→ **Exercise data**:

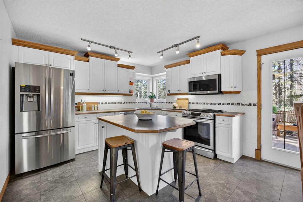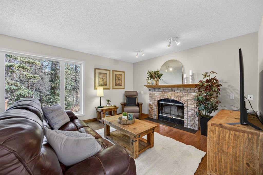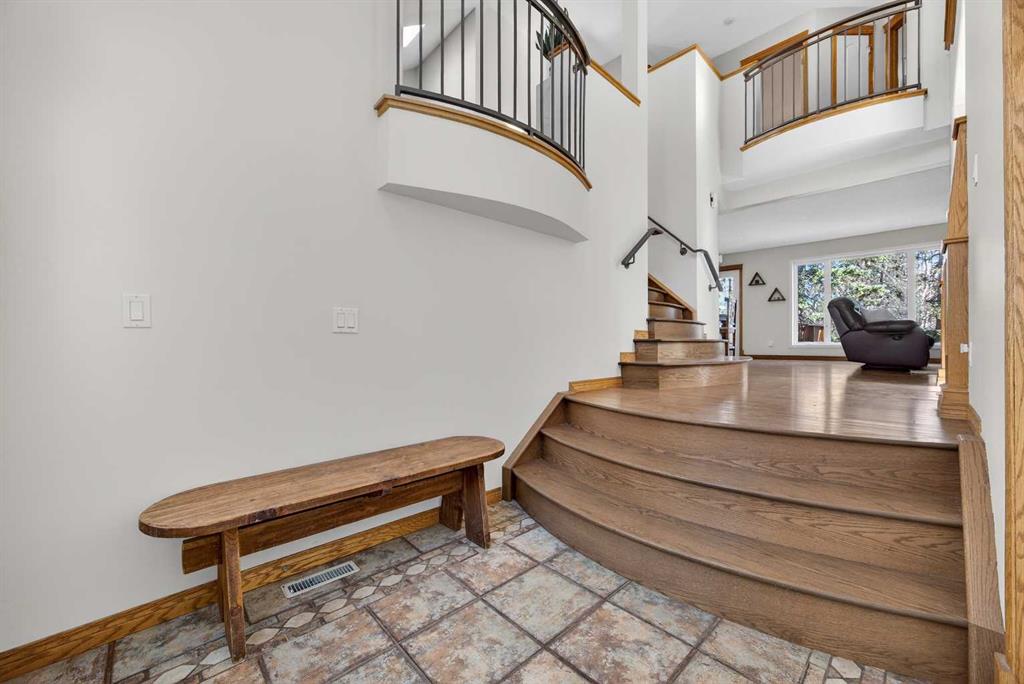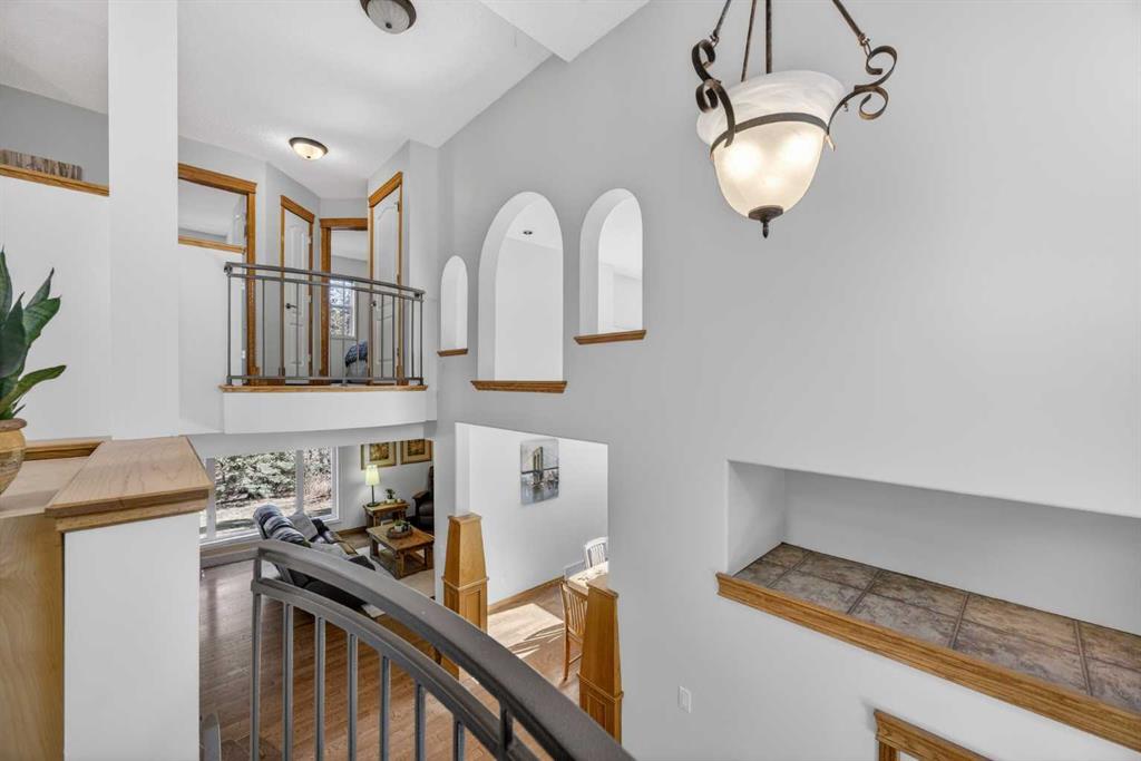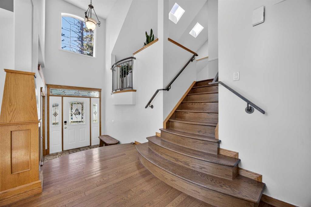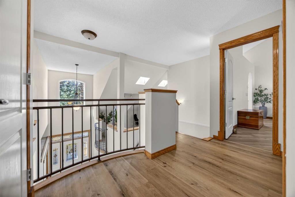 Step inside to a grand, light-filled entryway featuring soaring vaulted ceilings, elegant architectural details while your eyes are drawn to the stunning balconies above that capture the imagination. Arched windows…skylights…layers of Elegance! With rich hardwood floors and a beautiful brick-faced wood-burning Fireplace, the Living room flows seamlessly into the Kitchen and is framed by tranquil views of your expansive treed lot and surrounding wildlife. Windows and Skylights that capture the sunlight and beauty of nature create an ambiance of peaceful living and your own piece of paradise. The Kitchen is finished with gleaming white cabinets trimmed with natural wood. Built in display shelves and desk, a center island, and a corner sink that enjoys the views through two windows to the backyard. Upstairs, the home continues to impress with 3 bedrooms and a lofted, open-to-below design that enhances the sense of space and light. The primary suite is a peaceful retreat featuring vaulted ceilings, a walk-in closet, 4-piece ensuite including a jetted tub and glass shower beautifully designed with a glass block wall to bring in the light with your privacy in mind. This primary suite offers plenty of room to unwind. A bonus area completes this level and would make a perfect office or place for the kids to escape to with a conveniently located laundry room upstairs. The Basement level is fully finished with a 4th bedroom and 4-piece ensuite with heated floors. Family room, flex space and ample storage. This home offers Multiple living areas ideal for families or entertaining. Let’s not forget about the TRIPLE CAR GARAGE, attached, with plenty of room for vehicles, toys, or workshop space. Step out onto the multilevel deck to enjoy and relax for an evening BBQ and morning coffee. Round the corner and step up to the upper levels with a convenient side entry/mudroom access or even hot tub access one day. The backyard has plenty of space to enjoy the natural surroundings. Making memories in your backyard is easy with the firepit, large trees, garden. No need for camping when you can experience it in your yard. This is an opportunity to live the dream, removed from the city, yet still within a short drive to take advantage of the conveniences the City has to offer.
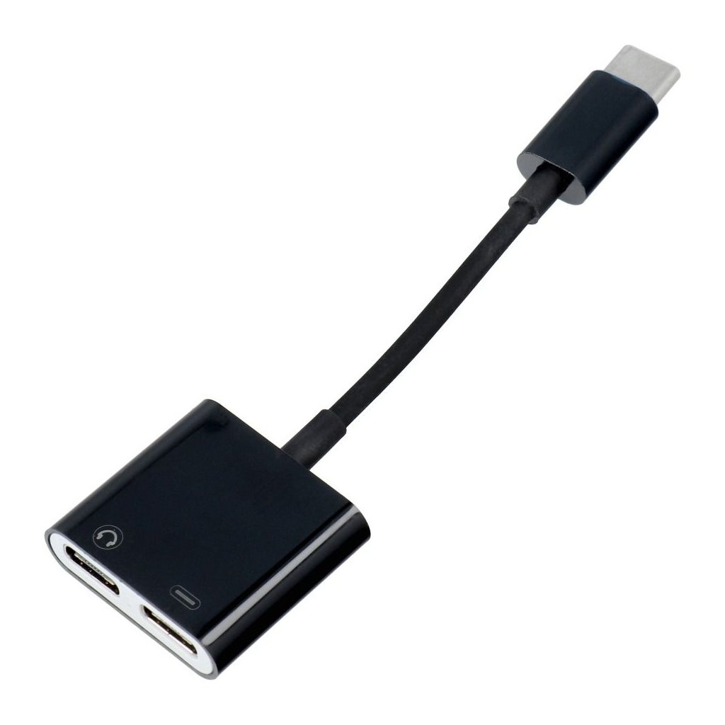 AUX adaptér 2v1 Typ C (samec) na Typ C (samice) / Typ C (samice) BULK černý [DAC].
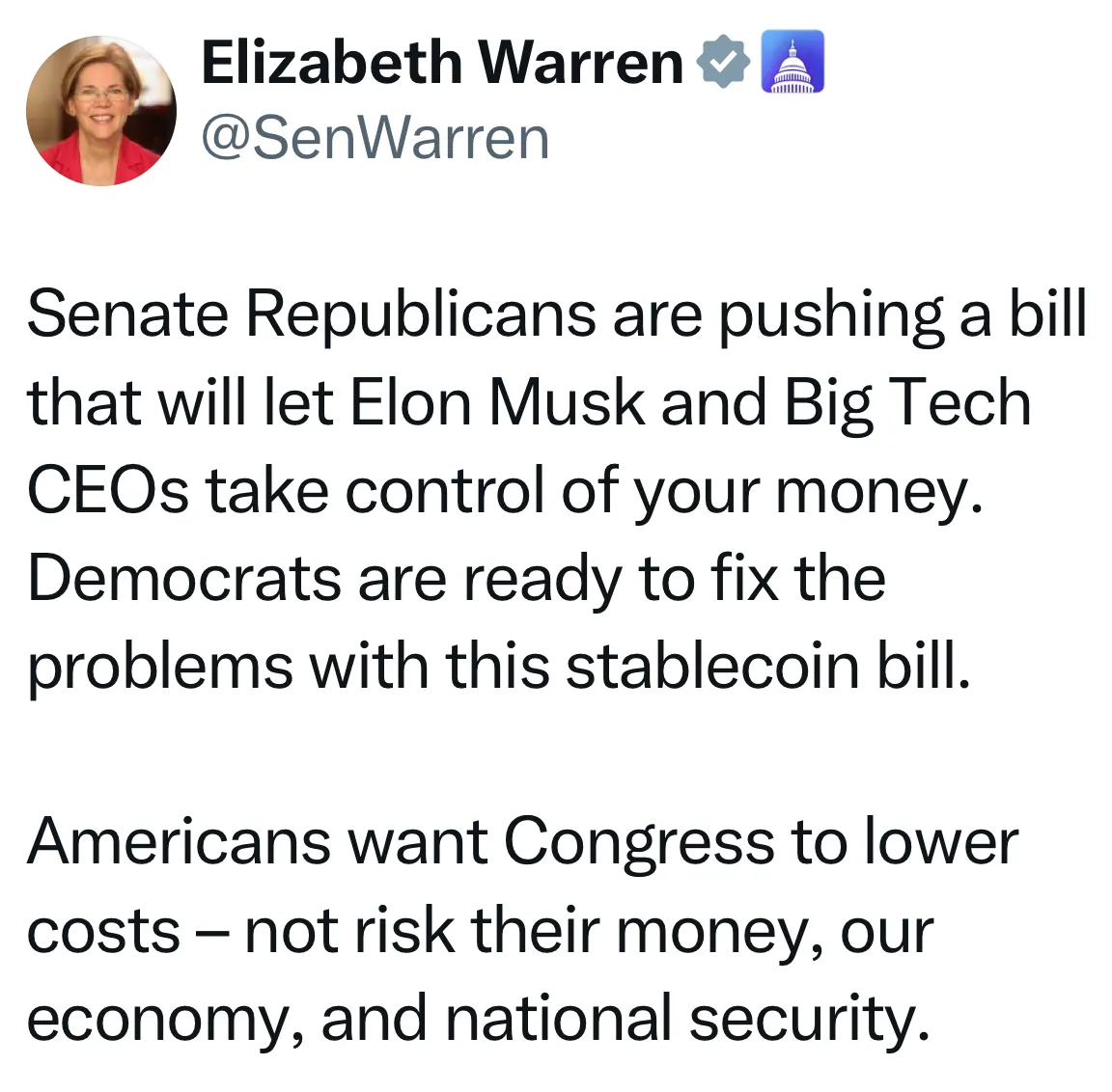 如果獲得主賬户訪問權限,穩定幣發行方將比現行法案允許的更類似於銀行——這一可能性正遭到以參議員伊麗莎白·沃倫為首的民主黨反對派的強烈抵制。目前,美國不允許商業公司發行自己的貨幣。如果GENIUS法案通過,像埃隆·馬斯克的社交媒體平台X這樣的公司將能夠發行自己的穩定幣,沃倫在一份聲明中寫道,“這在功能上等同於銀行存款。” 共和黨支持者則反駁稱,支付型穩定幣本質上不同於銀行產品,因為發行方不提供貸款或信貸產品,且代幣由儲備金一對一支持,不存在再抵押行為。
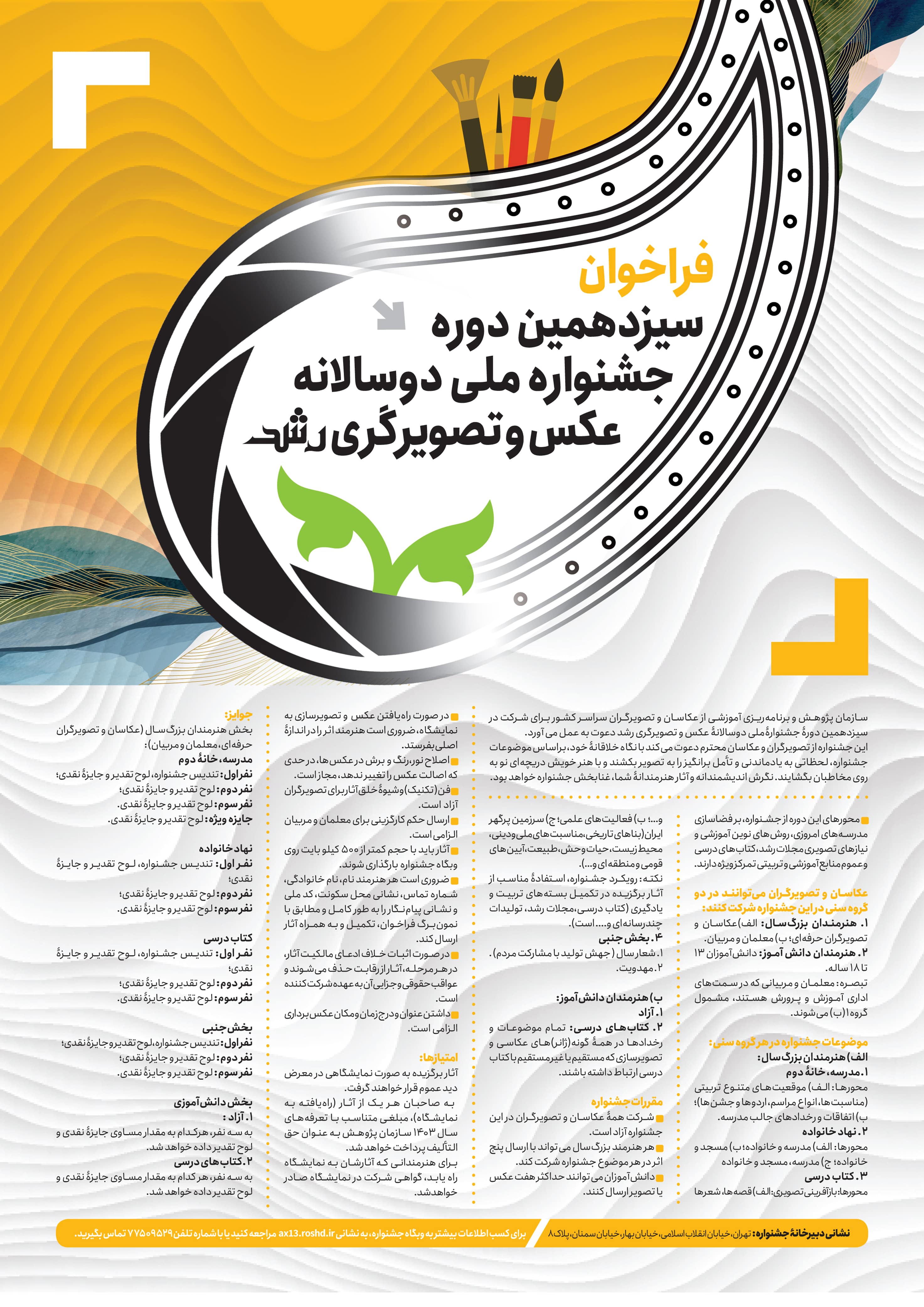 • آثار باید با حجم کمتر از 500 کیلو بایت، روی وبگاه جشنواره (https://ax13.roshd.ir) بارگذاری شوند.

→ **Work to be completed**: Please write out all of the material above without changing a word, and omit any pictures.

→ **Exercise response**:
 Step inside to a grand, light-filled entryway featuring soaring vaulted ceilings, elegant architectural details while your eyes are drawn to the stunning balconies above that capture the imagination. Arched windows…skylights…layers of Elegance! With rich hardwood floors and a beautiful brick-faced wood-burning Fireplace, the Living room flows seamlessly into the Kitchen and is framed by tranquil views of your expansive treed lot and surrounding wildlife. Windows and Skylights that capture the sunlight and beauty of nature create an ambiance of peaceful living and your own piece of paradise. The Kitchen is finished with gleaming white cabinets trimmed with natural wood. Built in display shelves and desk, a center island, and a corner sink that enjoys the views through two windows to the backyard. Upstairs, the home continues to impress with 3 bedrooms and a lofted, open-to-below design that enhances the sense of space and light. The primary suite is a peaceful retreat featuring vaulted ceilings, a walk-in closet, 4-piece ensuite including a jetted tub and glass shower beautifully designed with a glass block wall to bring in the light with your privacy in mind. This primary suite offers plenty of room to unwind. A bonus area completes this level and would make a perfect office or place for the kids to escape to with a conveniently located laundry room upstairs. The Basement level is fully finished with a 4th bedroom and 4-piece ensuite with heated floors. Family room, flex space and ample storage. This home offers Multiple living areas ideal for families or entertaining. Let’s not forget about the TRIPLE CAR GARAGE, attached, with plenty of room for vehicles, toys, or workshop space. Step out onto the multilevel deck to enjoy and relax for an evening BBQ and morning coffee. Round the corner and step up to the upper levels with a convenient side entry/mudroom access or even hot tub access one day. The backyard has plenty of space to enjoy the natural surroundings. Making memories in your backyard is easy with the firepit, large trees, garden. No need for camping when you can experience it in your yard. This is an opportunity to live the dream, removed from the city, yet still within a short drive to take advantage of the conveniences the City has to offer.
 AUX adaptér 2v1 Typ C (samec) na Typ C (samice) / Typ C (samice) BULK černý [DAC].
 如果獲得主賬户訪問權限,穩定幣發行方將比現行法案允許的更類似於銀行——這一可能性正遭到以參議員伊麗莎白·沃倫為首的民主黨反對派的強烈抵制。目前,美國不允許商業公司發行自己的貨幣。如果GENIUS法案通過,像埃隆·馬斯克的社交媒體平台X這樣的公司將能夠發行自己的穩定幣,沃倫在一份聲明中寫道,“這在功能上等同於銀行存款。” 共和黨支持者則反駁稱,支付型穩定幣本質上不同於銀行產品,因為發行方不提供貸款或信貸產品,且代幣由儲備金一對一支持,不存在再抵押行為。
 • آثار باید با حجم کمتر از 500 کیلو بایت، روی وبگاه جشنواره (https://ax13.roshd.ir) بارگذاری شوند.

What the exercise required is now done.